Me:  You're voice is horrible, too.  You were off this morning.  You should practice more.
Me:  I practice every day. 
Me:  That's not enough.  If you were really dedicated, you'd practice longer.
Me:  Okay.  I'll practice longer.
Me:  Don't bother.  You have no talent, Tiffany.  I'm sorry.  You're not an artist.  
Me: 
But I like art.  It's my favorite part of life.
Me:  Maybe you should kill yourself, then.  Oh, that's right.  You fucked that up, too.
Me:  Maybe I didn't die because I'm here for a reason.  God has a purpose for me?
Me:  There is no God.
Me:  Don't say that.  Shut up!
Me:  Stop crying, it's pathetic.  Someone will hear you, how will you explain yourself?

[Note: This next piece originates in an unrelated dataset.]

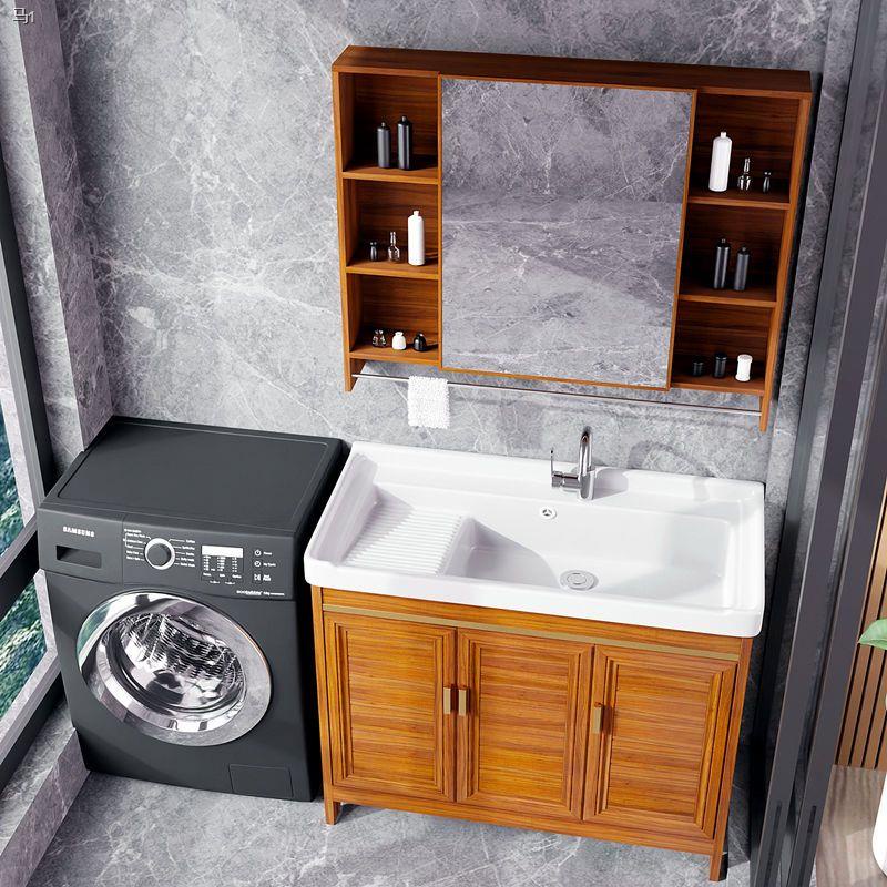 Bathroom balcony ceramic laundry basin with washboard sink space aluminum white floor-to-ceiling bathroom cabinet com

Me:  It's okay to cry . . . sometimes.  No one will hear me.  I'm all alone. 
Me:  No surprise there.  Why do you think that is?  No one will ever love you.  Everyone thinks you're crazy.  They all hate you.  You're a burden to them.  For Christ's sake, you still live with your mother.  They can't wait until you die.  They talk about you behind your back.  They plan your funeral.  They know you'll slit your wrists, it's just a matter of time.  Oh, nevermind.  You won't slit your wrists.  There's the Glock, right there in that drawer.  Go ahead.  Do it.  See?  You don't even have the balls to shoot yourself, let alone watch yourself bleed to death.  You'll take pills.  Just like last time.  In the end, you'll be a coward.  That's why you have to spend so much time proving to them that you've got guts.  But no one really believes you'll make anything out of your life.  They all think you've lost your mind.  You have lost your mind. 
Me:  Shut up!  Shut up!  Shut up!
Me:  Oh, you think alcohol is going to make me go away?  Go ahead.  Chug away.  Here, I'll help you.  I think there's some more vodka in the cabinet.  Drink yourself to death.  I'll be right here .........waiting for you ..............when you wake up..................wait!  I'm so lonely, I'd rather have you than no one.